Understand in what cases ML might be the solution to your problem.
Now that you have a better sense of what machine learning is and what are the different approaches to training a model, you are probably wondering how machine learning can help in your daily work. This lesson will address just that.
No-one framed this conversation in a more effective way than the Quartz AI Studio. In the following paragraphs we will borrow their model (with permission) to help you understand some of the situations and feelings you might have when machine learning could help.
Movies about journalism tend to glorify investigations where reporters spend months reading boxes of documents in a windowless room to uncover big stories of corruption. What if we could achieve the same results in a fraction of the time?
Machine learning can help you do exactly that and for this reason is already being used by investigative journalists all across the world.
In 2019, the International Consortium of Investigative Journalists (ICIJ) received more than 700,000 leaked documents, collectively known as the Luanda Leaks. In order to analyse all those files, the ICIJ partnered with Quartz, whose investigation team built a machine learning model to help journalists find the kinds of documents they expected in the cache of leaks.
Another kind of challenge a reporter might face when working on a story is the ability to compare a set of documents with a corpus of similar nature. For example, a political reporter might want to compare one president's State of the Union speeches to all those pronounced by other president's decade after decade.
It happens that this is another challenge machine learning is pretty good at dealing with.
Back in 2017, ProPublica used a computer model to analyse press releases from individual members of the US Congress in comparison with all Congressional press releases published during the same time. This allowed reporters to learn what topics members of Congress cared the most about, or at least talked about more than their peers.
Our world is photographed zillions of times a day. And this translates into an unprecedented amount of images reporters might find stories in. If only there was a way to teach computers to find specific details in a database of visual information... You know where this is going: enter machine learning.
The Ukrainian data journalism agency Texty used machine learning to detect illegal amber mines across Ukraine. Combining different algorithms, they were able to train the ML system on existing examples of amber mining, so that it could find new examples in a set of satellite images.
The resulting story included an online map in which a viewer can zoom into pictures of amber mines across the country.
Words, images, and now numbers. Among the many things computers can do better than humans, there is processing numeric data at scale. If you have thousands of numeric records to analyse, especially if you want to spot patterns and similarities, you are dealing with another case when machine learning can help.
That's what BuzzFeed News did in 2017 for their story on hidden spy planes, which made quite some noise as one of the early high-level examples of journalism applying machine learning for reporting purposes.
They trained a computer to find surveillance aircraft by letting a "random forest" algorithm sift for planes with flight patterns that resembled those operated by the FBI and the Department of Homeland Security.

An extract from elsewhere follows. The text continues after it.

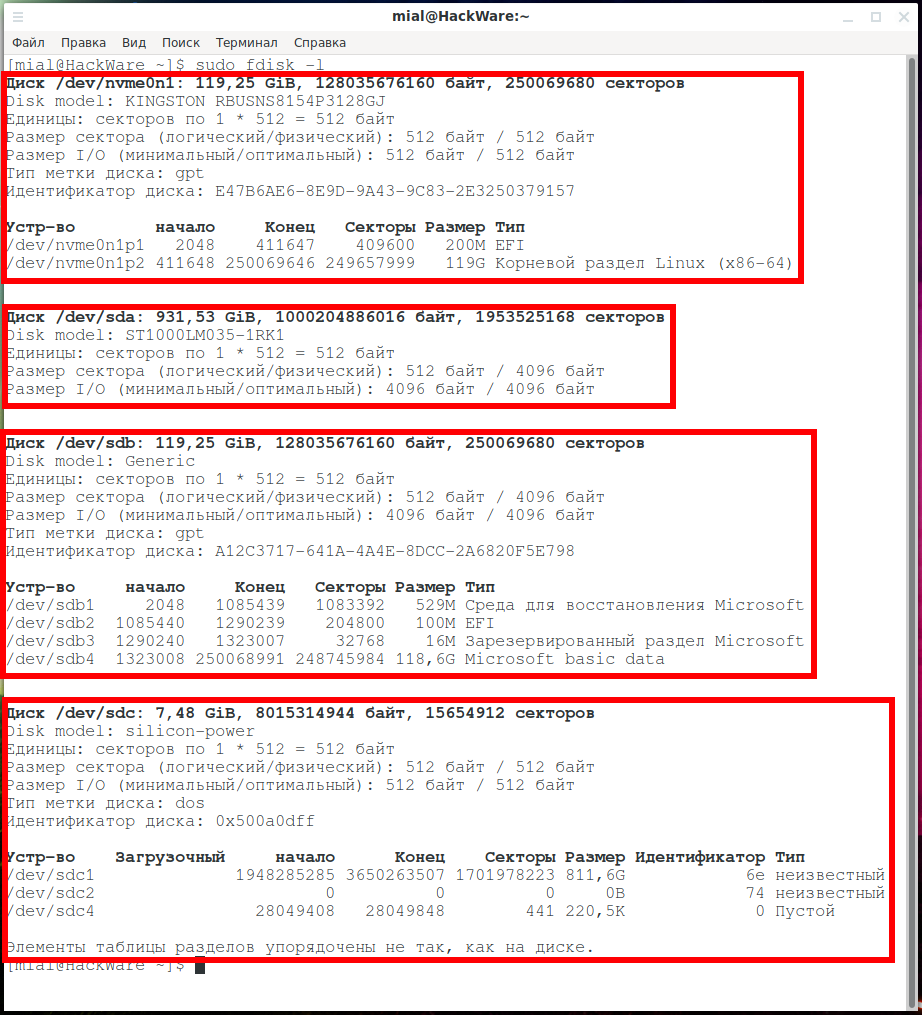 На самом деле, вывод команды неполный (пропущена USB флешка) и в нём полностью отсутствует информация о разделах. Тем не менее она может помочь вам сориентироваться в присутствующих на вашей системе дисках.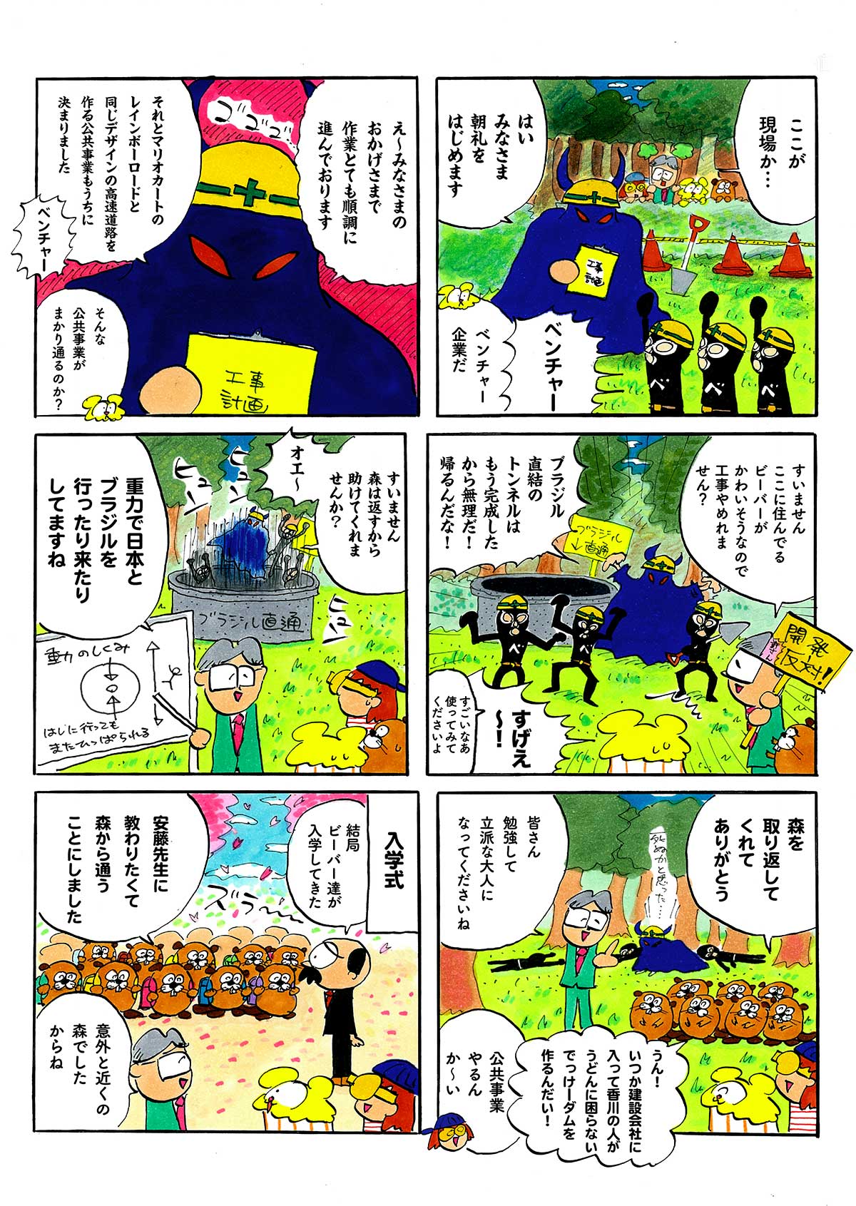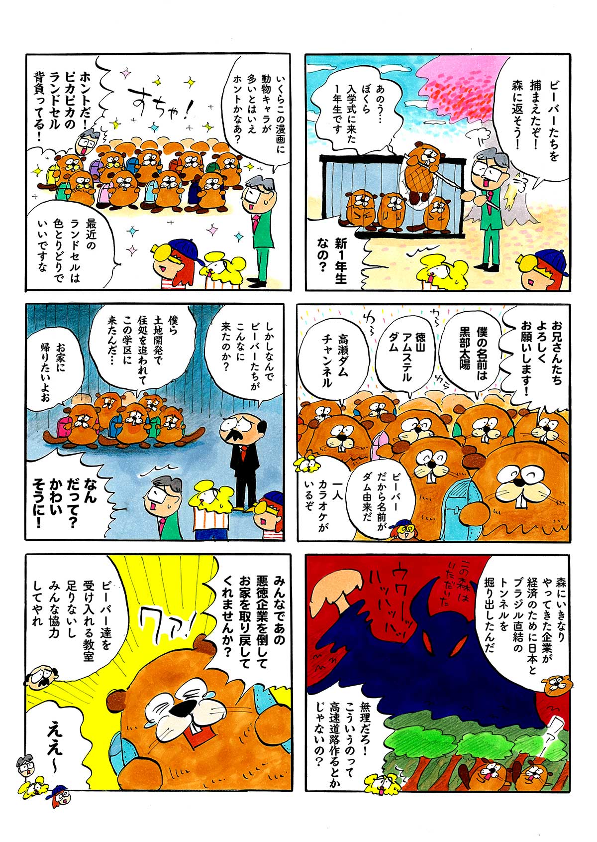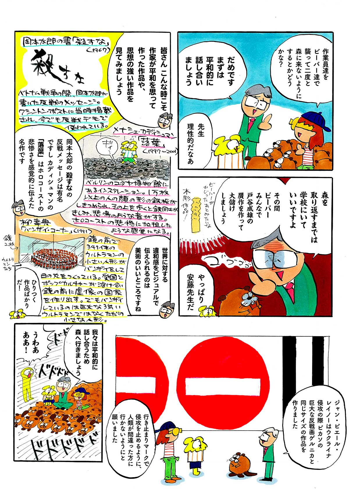 4月、入学式の日。校庭の桜の木にビーバーの大群が現れ、ガリガリとかじりはじめた!? 土地開発で森を追われたビーバーたちと、謎のベンチャー企業。平和的解決をめざすトラちゃんたちが取り出したのは、反戦アートの力で——。

Amber mines, corruption scandals, spy planes and State of the Union speeches. As you can see, machine learning can be quite handy in supporting your work by augmenting your ability to find and tell important stories with data.
By now, though, it should also be clear that machine learning is not magic. You might even say that it can't do anything you couldn't do – if you just had a thousand tireless interns working for you.
It's still entirely up to you to consider whether machine learning is the right tool to aid the story you want to report. After that assessment is made, you can count on machine learning to help you sift through an unmanageable amount of information and empower your journalism with the findings.